Single channel mixing voice separation at present mainly contains three class main method: based on the single channel mixing voice separation method of statistical model, and computing machine auditory scene analysis and the single channel mixing voice separation method that decomposes based on projection.Single channel mixing voice separation method based on statistical model is based upon on the signal training modeling basis, is divided into for three steps usually: the first step, to each source voice signal or its characteristic parameter modeling, establish the parameter of each source voice signal model by training; Second step was a known conditions with mixing voice signal and source voice signal model, according to suitable criteria, selected the some one-tenth in the voice signal of source to assign to optimally form the mixing voice signal; The 3rd step, directly form each source voice after the separation by each source voice signal composition of choosing, perhaps form corresponding wave filter earlier, dope each source voice signal again.Computing machine auditory scene analysis method is carried out speech Separation by the imitation human auditory system, and core is made up of segmentation and combination two parts for separating.Segmentation is that mixing voice is decomposed into a series of sensation section, and each sensation section of each isolating speech signals requires to come from a source voice signal.Combination is that the sensation section that comes from the identical sources signal is merged, and forms the stream of corresponding source signal.Single channel mixing voice separation method based on the projection decomposition, generally be earlier by suitable basis function or the dictionary of machine learning structure, again by probabilistic method or optimization method, dope the projection vector of source voice signal under certain basis function or certain dictionary, the voice signal after at last obtaining separating by the projection vector of prediction and basis function or dictionary reconstruct accordingly.
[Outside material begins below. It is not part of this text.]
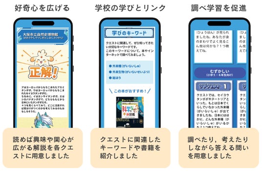 クエストを解けたら終わりではなく、そこから子どもの好奇心をさらに広げたり、学校での学びとリンクさせたりするような仕掛けを学習参考書の出版社ならではのアプローチで用意しました。

From separation method: the single channel mixing voice separation algorithm based on probability statistics model lays particular emphasis on probabilistic method, realizes the separation of mixing voice on the basis of probabilistic Modeling, needs training in advance; Computing machine auditory scene analysis method (CASA) lays particular emphasis on the biosimulation method, and the separation by simulation human auditory system realization mixing voice does not need training in advance; The single channel mixing voice separation algorithm that decomposes based on projection lays particular emphasis on machine learning, by suitable basis function or the dictionary of machine learning structure, realizes the separation of mixing voice on this basis, needs training in advance.On separating property: generally speaking, the separating property of the single channel mixing voice separation algorithm that decomposes based on projection is best, takes second place based on the separating property of the single channel mixing voice separation algorithm of probability statistics model, and the separating property of CASA is the poorest.From algorithm complex: CASA carries out speech Separation by the simulation human auditory system, and need repeatedly adjust the segmentation reorganization of voice, and complexity is the highest.Single channel mixing voice separation algorithm that decomposes based on projection and the single channel mixing voice separation algorithm based on probability statistics model, all based on mathematics probability model or optimization method, so in general, complexity is more or less the same.On development potentiality, the three respectively has relative merits, and the development space of oneself is all arranged.Though the research of single channel mixing voice separation has at present obtained certain achievement, but totally all algorithm complex is higher, though and the difference of performance source voice signal and difference is bigger, in the training stage training data there is special requirement in addition, so generally speaking, practicality is not strong, haves much room for improvement, so that concrete the application.

Summary of the invention

The invention provides a kind of single channel mixing voice separation method based on compressed sensing and K-SVD, its purpose focuses on the consideration practicality, and design does not have specific (special) requirements to training data, and the single channel mixing voice separation method of stable performance, can strengthen the target voice, reduce and disturb voice.This method is utilized the sparse property of voice signal under the K-SVD dictionary, according to compressed sensing observation and the similarity of single channel mixing voice on expression formula, adopt the signal reconfiguring method in the compressed sensing theory, carry out the separation of single channel mixing voice, strengthen the purpose that the target voice suppression is disturbed voice to reach.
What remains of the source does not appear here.